Start of Provided material

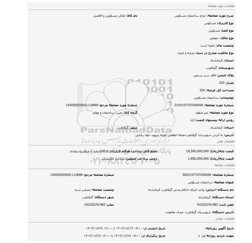 | شماره مورد معامله: 3103107707000006 | شماره مورد معامله مرجع: 140050920001110699 | |
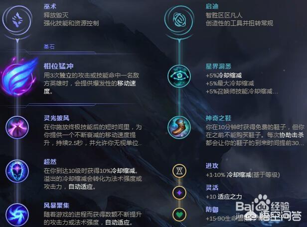 星界洞悉:减少5%召唤师技能、普通技能和装备冷却,而且还能溢出5%cd,就是说最高45cd,真正的折磨王。
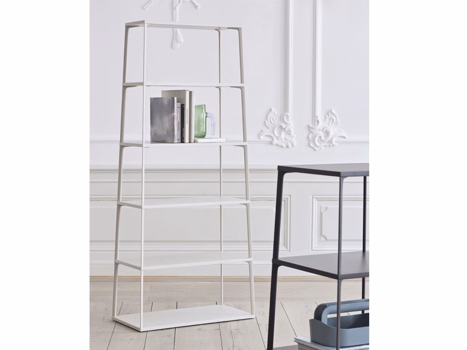 - Material: 18 mm powder coated MDF shelves with straight edge. Powder coated diecast aluminium profiles.
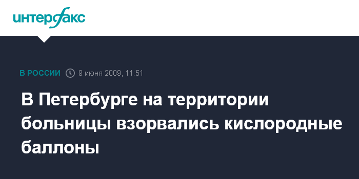 Москва. 9 июня. INTERFAX.RU - В Московском районе Петербурга на территории больницы N20 произошел взрыв кислородных баллонов, сообщили "Интерфаксу" в ГУ МЧС по городу. В госпитале, расположенном на улице Гастелло, 21, около 11:10 мск произошел взрыв в машине, перевозившей кислородные баллоны. По предварительной информации, пострадал водитель автомобиля.
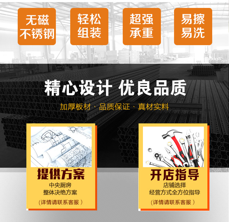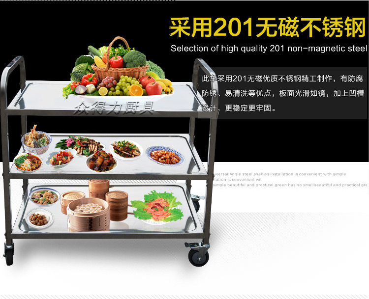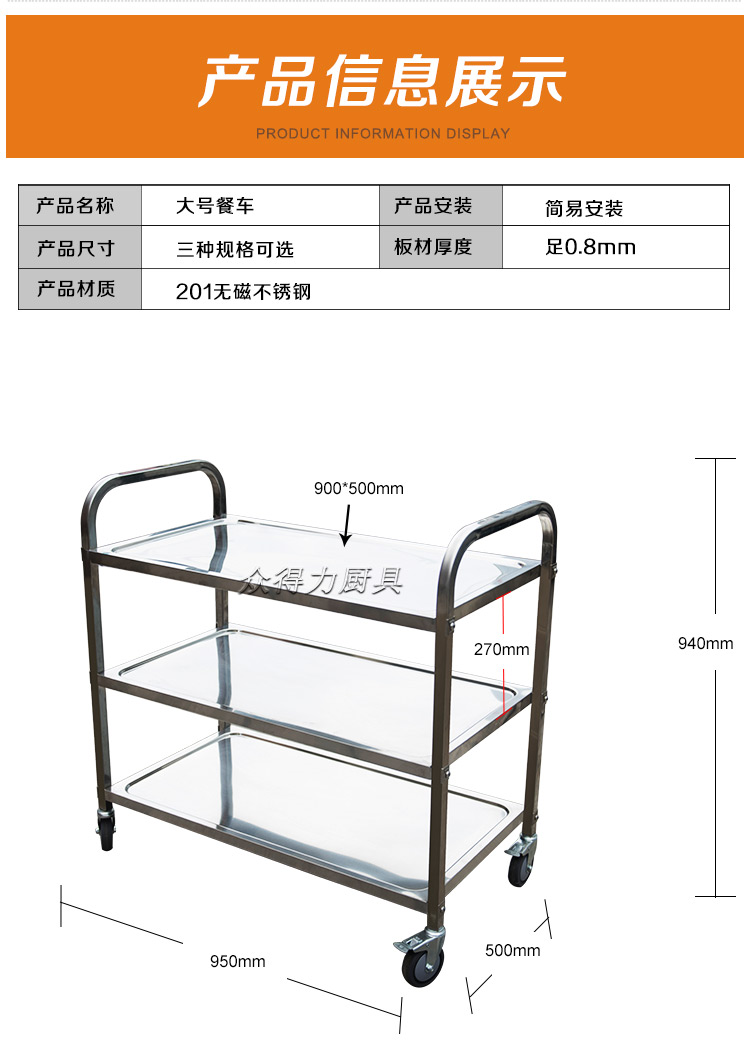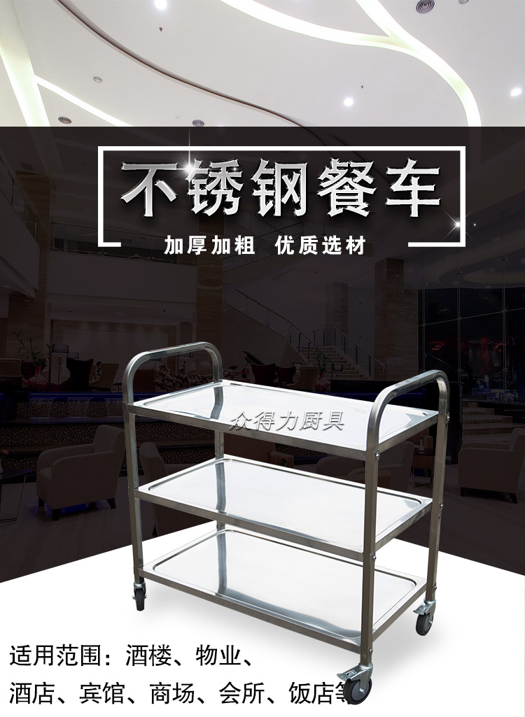 江西眾得力廚具有限公司生產(chǎn)銷售商用廚具,食品機(jī)械,提供中央廚房工程項(xiàng)目整體解決方案。不銹鋼餐車有大號(hào)、中號(hào)、小號(hào),本公司生產(chǎn)銷售的不銹鋼餐車系列均采用201無磁不銹鋼材質(zhì),板材厚度足0.8mm,整機(jī)拆裝方便,結(jié)構(gòu)牢固,承重能力強(qiáng)。
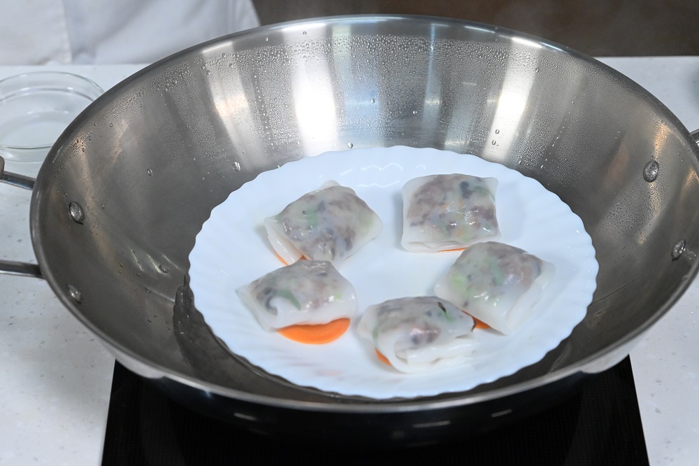 三姐利用齋腸粉包裹咸牛肉和蔬菜,變成相當(dāng)有創(chuàng)意的蒸粉包,美味可口。

End of Provided material

■ **Task instructions**
Copy all records exactly; omit images.

■ **Result of the exercise**
 | شماره مورد معامله: 3103107707000006 | شماره مورد معامله مرجع: 140050920001110699 | |
 星界洞悉:减少5%召唤师技能、普通技能和装备冷却,而且还能溢出5%cd,就是说最高45cd,真正的折磨王。
 - Material: 18 mm powder coated MDF shelves with straight edge. Powder coated diecast aluminium profiles.
 Москва. 9 июня. INTERFAX.RU - В Московском районе Петербурга на территории больницы N20 произошел взрыв кислородных баллонов, сообщили "Интерфаксу" в ГУ МЧС по городу. В госпитале, расположенном на улице Гастелло, 21, около 11:10 мск произошел взрыв в машине, перевозившей кислородные баллоны. По предварительной информации, пострадал водитель автомобиля.
 江西眾得力廚具有限公司生產(chǎn)銷售商用廚具,食品機(jī)械,提供中央廚房工程項(xiàng)目整體解決方案。不銹鋼餐車有大號(hào)、中號(hào)、小號(hào),本公司生產(chǎn)銷售的不銹鋼餐車系列均采用201無磁不銹鋼材質(zhì),板材厚度足0.8mm,整機(jī)拆裝方便,結(jié)構(gòu)牢固,承重能力強(qiáng)。
 三姐利用齋腸粉包裹咸牛肉和蔬菜,變成相當(dāng)有創(chuàng)意的蒸粉包,美味可口。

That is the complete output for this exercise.